Это длилось полвека…
Ну, а за «Фалесом» пришел Анаксимандр, были или будут Пифагор, Платон и прочее. Но Фалес — первый, и везде во всякой истории философии первым назовут «Фалеса», — «который, впрочем, во всем ошибался» и «был еще слишком наивен». Здесь явно «ошибки» ничего не значат, ввиду метода, и именно «метод души», как я назвал. «Канон нравственного суждения», «канон русского суждения». Тут есть и «русская бесшабашность», и «русская торопливость», и «русская горячность», и «русская правда»; «русский талант на все», русский «вкус во всем». Ведь, как мало учился Белинский: выгнали из университета! А, позвольте, — на что он не дал отклика, отзыва, о чем он не высказал своего горячего взгляда, часто первого (в русском мышлении) взгляда. Белинский — это энциклопедия; энциклопедия мыслей, идей, взглядов, оценок, слов… Да, господа: даже и «слово» должно было родиться, и его кто-то родил. Белинский и был таким человеком на Руси, который «родил слова на все», «родил слова обо всем»; и если Айхенвальд и многие другие называют его «фразером», то я отвечу, что «надо родить и фразу», особенно в России, в русской-то первобытности, в русском-то все еще «первом этаже». Да, «фразерства» много у Белинского, — горячего, хорошего фразерства, с румянцем на щеках, с румянцем начинающейся чахотки… Это-то всегда надо помнить. Русский «патриот» пошел от Карамзина, певец — от Пушкина, ученый — от Ломоносова.
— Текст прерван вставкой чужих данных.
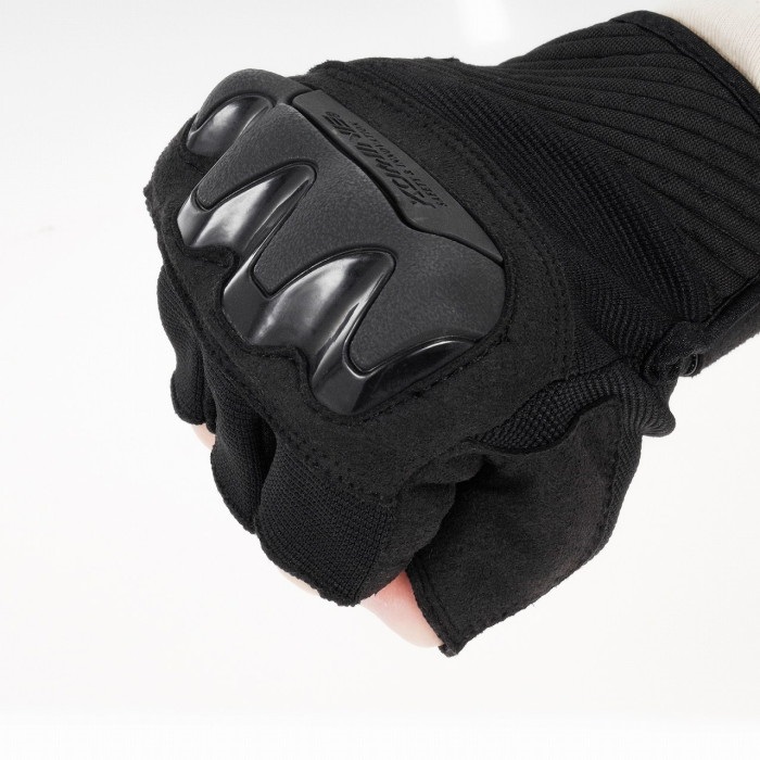 握りやすいラバーナックルプロテクターを装備した、夏の快適性と操作性を重視したフィンガーレスグローブ。

Но от Белинского пошел кто-то еще важнейший, еще более первоначальный и еще более обобщенный: русский «идейный человек», горячий, волнующийся, спешащий, ошибающийся, отрекающийся от себя и вновь и вновь ищущий истины…
Ищущий — лучшего…
Ищущий — другого, чем что есть…
Не от Грановского, который был только историк, не от Герцена, который был только политик, и вообще ни от кого другого, а именно от одного Белинского, пошел этот тип немножко «вечного странника» и «бездомного скитальца» на Руси, который ищет в неопределенных и безбрежных чертах чего-то «лучшего, чего еще нет», и «правды, которая не осуществлена». Могло бы и не быть такой фигуры в начале нашей истории. В Германии, в Англии, во Франции решительно такой фигуры не было, с ее прекрасным «не удалось», с ее бесконечным «все еще — нет», с ее неуловимым — «иду и не нашел»… Прекрасны именно неудачи Белинского, прекрасно, что он не был очень образован и, особенно, твердо образован. Прекрасно, что он был иносказательно горбат и некрасив. Ах, эти «красавцы», «неошибающиеся красавцы»: надоели они, скучно с ними! Пусть нас ведет вдаль именно слабый, именно заблуждающийся Белинский, с запасом огня и неустанности, какой в нас не хватает…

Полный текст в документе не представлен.